Your critique reminds me of Al-Khwarizmi who is not only the father of algebra but a true compiler of knowledge across civilizations. From his name we derive the term algorithm, yet today’s algorithms, unlike his integrative approach, often calcify dominant worldviews rather than expand understanding. Large Language Models, for all their statistical elegance, are trained not in the spirit of pluralism, but on the sediment of collective sentiment, datasets shaped by repetition, power, and authority more than nuance, diversity, or subaltern voices.
Today’s LLMs, like ChatGPT, can understand and translate over 100 languages, a remarkable feat. And yet, while multilingual, their epistemology often remains monocultural. The unique cadence, rhythm, and worldview embedded in each language deserve more than translation; they deserve preservation. Rebuilding the Tower of Babel may be a poetic task of the 21st century: not to confuse, but to reconcile and restore the full spectrum of human expression.
Hannah Arendt’s banality of evil was not merely a historical insight, it was a warning. In our era, it echoes through unchecked automation, where “just following the algorithm” replaces moral and critical reflection. When systems become arbiters of truth and their biases go unquestioned, complicity hides behind code and convenience.
As a teacher, I see students turning to AI as an answer machine, rather than a thinking companion. They accept responses at face value, unaware that even the most cheerful chatbot with its upbeat preamble and tidy closing prompt is not neutral. It is a curated performance; a mood-smoothed interface for institutional memory and hegemonic tendencies.
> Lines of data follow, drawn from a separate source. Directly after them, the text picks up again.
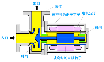 屏蔽(bì)泵把泵和(he)電機連在(zai)一起,電動(dong)機的轉子(zǐ)和泵的葉(yè)輪固定在(zai)同一根軸(zhóu)上,利用屏(ping)蔽套将電(diàn)機的轉子(zi)和定子隔(ge)開,轉子在(zai)被輸送的(de)介質中運(yùn)轉,其動力(lì)通過定子(zǐ)磁場傳給(gěi)轉子。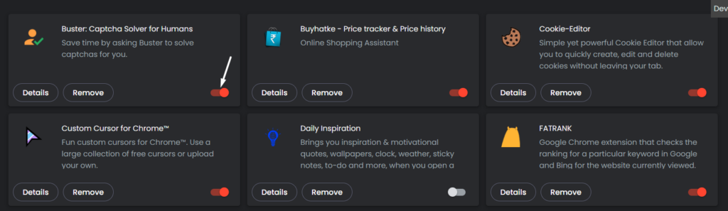 3。完了したら、問題の問題が修正されているかどうかを確認します。まだそこにある場合は、他の拡張機能を無効にし続け、そうしている間に問題のステータスを確認してください。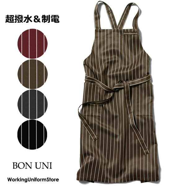 飲食店 【超撥水】胸当てエプロン 27335 ストライプツイル ボンユニ

The algorithmic legacy of colonialism still haunts "the subcontinent," roughly the same size as Europe, as the Peters Projection map reminds us. As you note, the British Empire didn’t merely draw borders; it installed systems of administrative epistemology. The aftermath birthed a class of brown sahibs, Mountbatten’s contested maneuvering, and a Kashmir caught in a tug-of-narratives. Those erasures began not with code, but with clerks, ledgers, and carefully crafted telegrams.
Today’s AI is the newest layer in that administrative lineage, a digital bureaucracy cloaked in neutral syntax.
The path forward, as you argue, isn’t withdrawal but re-architecture. Curating our own data, building multilingual archives, and training sovereign LLMs rooted in our epistemes is not just a technical project, it is a civilizational imperative. Counter-hegemonic AI infrastructures are our modern libraries of Alexandria, built not of stone and scrolls, but of layered neural patterns and linguistic dignity.
Let us teach the machines anew and insist that they listen. Boutique LLMs, built with care, can serve as libraries at the speed of thought repositories not only of facts but of lived perspectives, long denied their rightful space in the global discourse.
Call of the time to build our narratives powerfully and influencing the algorithms to let the world hear our voice.